INVESTORS sent Aberdeen Asset Management to the top of the FTSE 250 yesterday after it confirmed a deal worth up to £650m to buy Scottish Widows Investment Partnership (Swip), making it the biggest investment house in Europe.
The long-rumoured deal will see Aberdeen pay Swip’s current owner Lloyds £550m in shares, plus an extra £100m in cash over the next five years depending on performance.
Aberdeen boss Martin Gilbert, who has led at least seven takeovers for Aberdeen over the past decade, said the firm would now be happy to stay on the M&A sidelines for the next two years – the length of time it will take for the firms to fully integrate.

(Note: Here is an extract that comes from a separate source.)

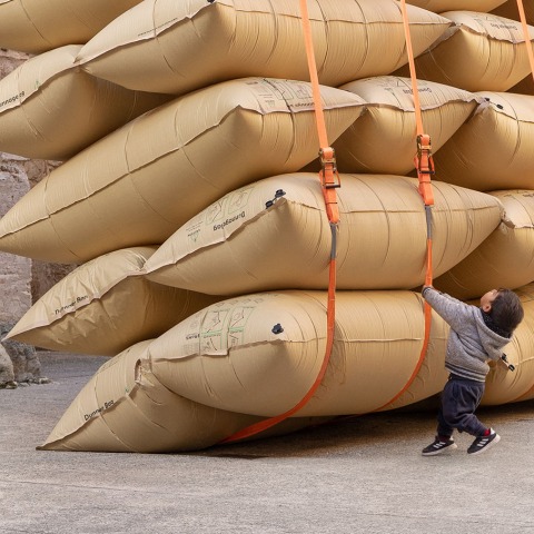 Para ello se utilizan ciento veinte sacos de aire comercializados habitualmente para la fijación de mercancía en contenedores de transporte. La ejecución parte de una superposición de diez hileras cosidas en taller formando un aparejo irregular. El diseño desestima la forma tradicional de construcción de muros de mampostería por adición de piezas, para proponer un desplante por propulsión, hinchado desde abajo, hasta alcanzar los siete metros de altura.
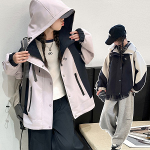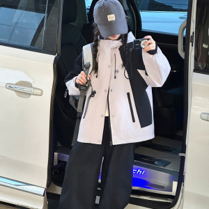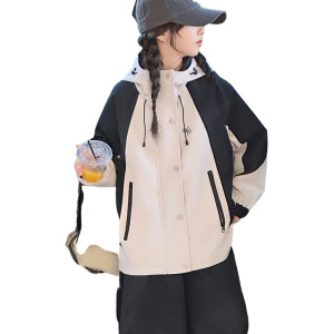 跨境女童冲锋衣外套2025新款儿童外穿初中生时髦秋装棒球连帽夹克

“Having done this deal it precludes us from doing another one for a couple of years,” Gilbert said. “It will take two years to integrate but it gives us a good financial platform in the US.”

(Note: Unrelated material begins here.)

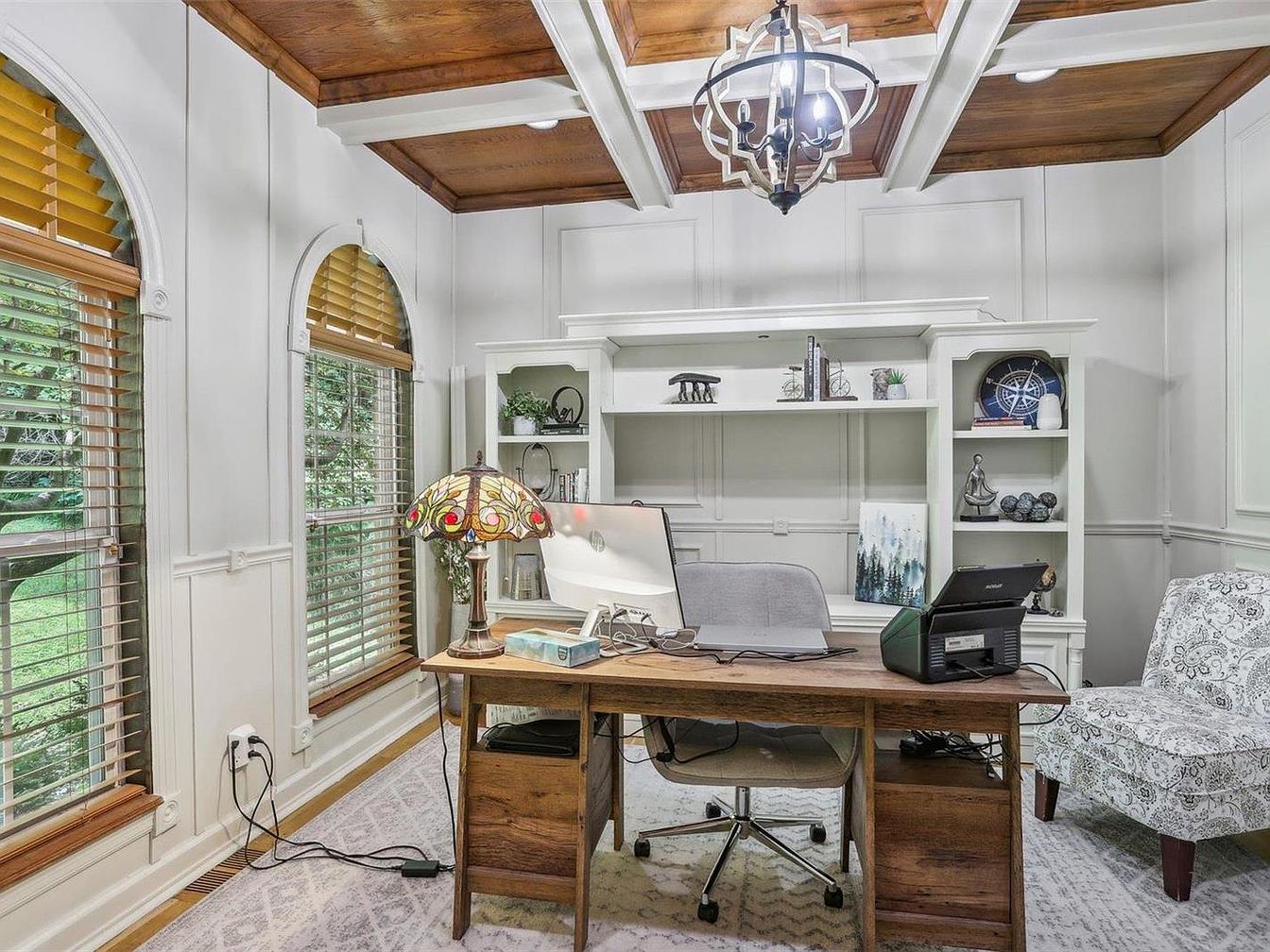 This cozy home office features warm wood accents contrasted with crisp white walls and molding, creating a bright yet inviting atmosphere. The ceiling is accented with rich wood panels interspersed with white beams, highlighting a decorative chandelier that adds character to the space. Two large, arched windows with wooden blinds allow ample natural light to flood the room while framing views of greenery outside. The wooden desk, complemented by a modern office chair, sits centrally with a stained-glass table lamp adding a touch of vintage charm. Built-in shelving units hold decorative items and books, combining functionality with aesthetic appeal. A patterned upholstered chair offers additional seating, all resting on a light, patterned area rug that softens the hardwood floor.

Yesterday’s tie-up, which gives Lloyds a 9.9 per cent Aberdeen stake, makes Aberdeen the sixth largest money manager on earth and a challenger to US fund giants. The deal also sees Aberdeen acquire Lloyds’ wealth manager Investment Solutions – its platform for well heeled clients.

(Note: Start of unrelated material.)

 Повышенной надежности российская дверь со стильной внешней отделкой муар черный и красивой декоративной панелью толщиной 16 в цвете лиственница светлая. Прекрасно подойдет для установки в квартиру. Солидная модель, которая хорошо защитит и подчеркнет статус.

Lloyds will work in with Aberdeen to sell funds, and receive £100m after five years if the tie-up is successful.
The acquisition follows a prolonged sale process which saw Gilbert dismiss buying Swip in the summer, and a late rival bid from Macquarie.
“It was the inclusion of Investment Solutions into the deal that brought us back to the table,” Gilbert said.
“This is all about growing the combined business, this wasn’t prefaced on cost cutting.”